We are in Churchill with 20 kids in K.
Anonymous
Anonymous wrote:
Anonymous wrote:How do you find out class sizes? I've looked at MCPS website info for the school, it has # of students for each grade, but does not list # of teachers by grade - only totals. PTA doesn't have that info either.

Basically, I am trying to find out how overcrowded are Wood Acres/Pyle/Whitman are at the moment.


They are deemed overcrowded by parents who want 15 kids per class. In actual fact they are not overcrowded. Wood acres has just had a rebuild. Pyle and Whitman are due for the same in the next few years.
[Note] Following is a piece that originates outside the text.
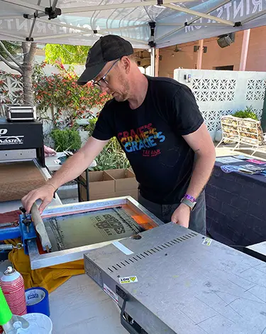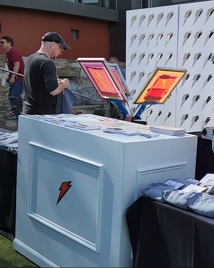 P.S.- Our CEO officiates wedding for funsies. Ask!Balloons & magicians are fun, but let’s think outside the box. Instead of a show they watch behind their phones – give your guests not only an experience, but also a physical keepsake from the event. People are always fascinated watching live serigraphy (the fancy way to say screen printing)!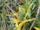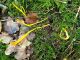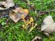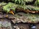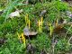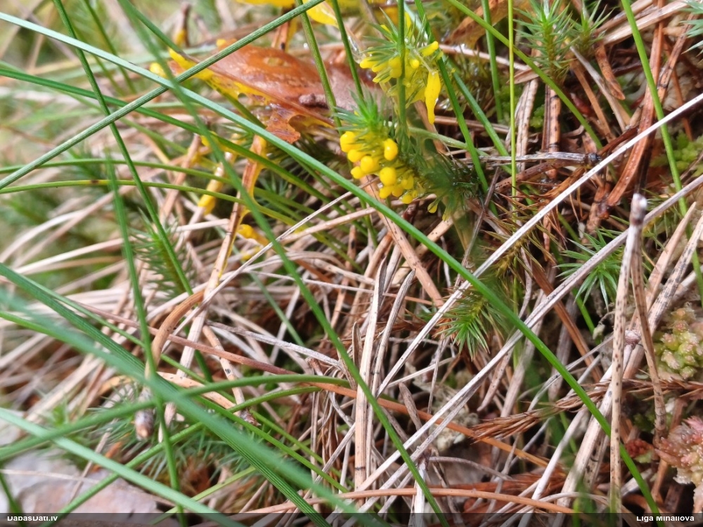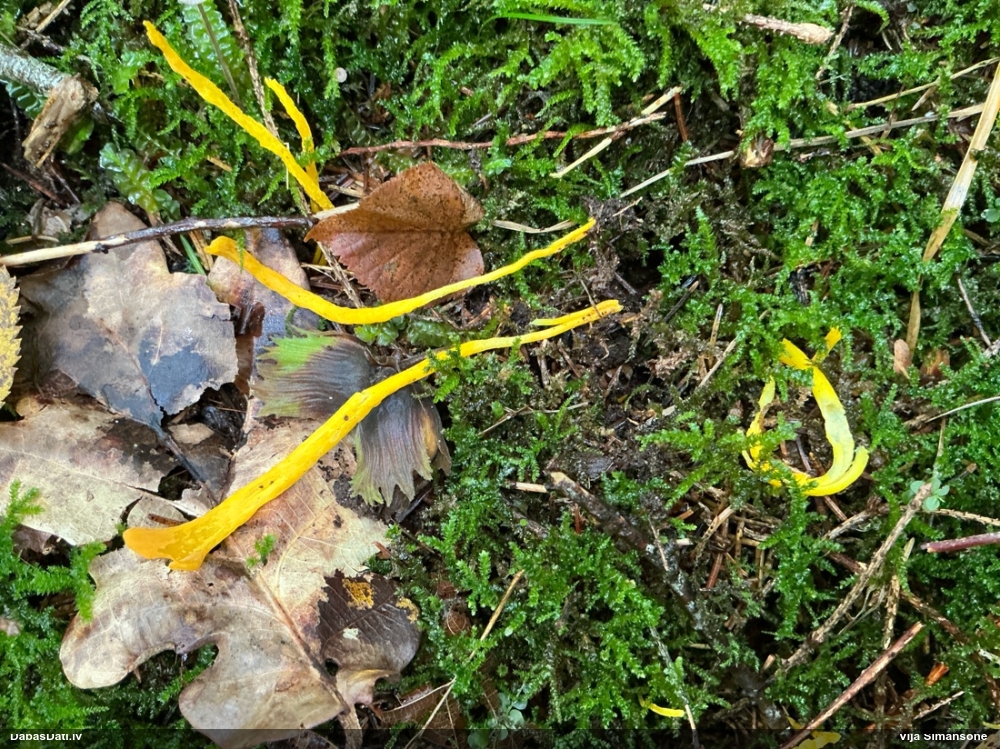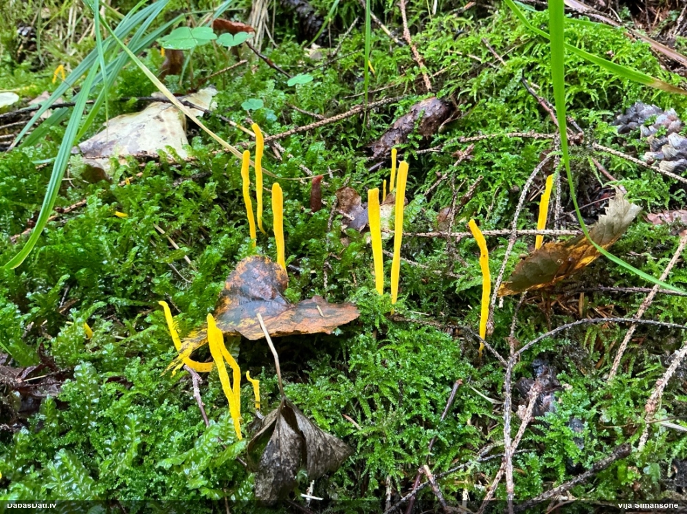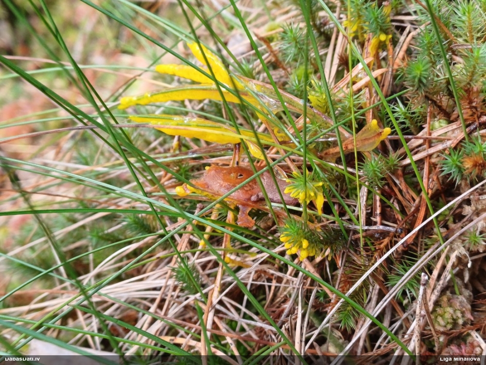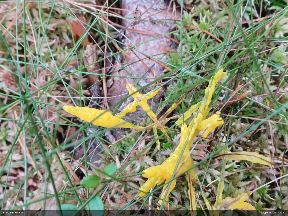 Man pēkšņi radās ideja - vai tur bija nu ļoti mitrs mikroklimats, egle ar melnalksni? Hipotētiski tādas dzeltenas var būt Diachea muscorum. Te bilde ir mazliet līdzīga: https://fr.wikipedia.org/wiki/Fichier:Craterium_muscorum,_Trawscoed,_North_Wales,_Aug_2016_-_Flickr_-_janetgraham84.jpg

So how many in actual fact are there? 20? 30?
Anonymous
Anonymous wrote:This won't get you very useful information. MCPS has countywide class size caps. So each year, you divide the number of students into classes as close to the caps as possible. Class sizes will vary from year to year depending on how many kids there are.


OP here and at the risk of sounding like an idiot - what happens if they are over the class size cap? For example, enrollment for 2nd grade is 132, there are 4 2nd grade teachers in the directory so works out to 32 students per class. Official cap for a non-focus 2nd grade is 28. What do they do with surplus? Are they allowed to carry on as is?

Btw, hats off to everybody who took the time to comment "it's simple math" without pointing out where to get the missing data points. Utterly unhelpful. Obviously, I didn't know about separate school site with a detailed directory (and thanks to the PP who mentioned it, although that comment didn't really need to be mean spirited either. I don't have children yet, I am just trying to sort out where to buy a house).
Anonymous
They can opt to do a mixed class: half 1st graders and half 2nd graders. It's not ideal, but that's what usually happens when the numbers don't justify another class.
Anonymous
Anonymous wrote:
Anonymous wrote:This won't get you very useful information. MCPS has countywide class size caps. So each year, you divide the number of students into classes as close to the caps as possible. Class sizes will vary from year to year depending on how many kids there are.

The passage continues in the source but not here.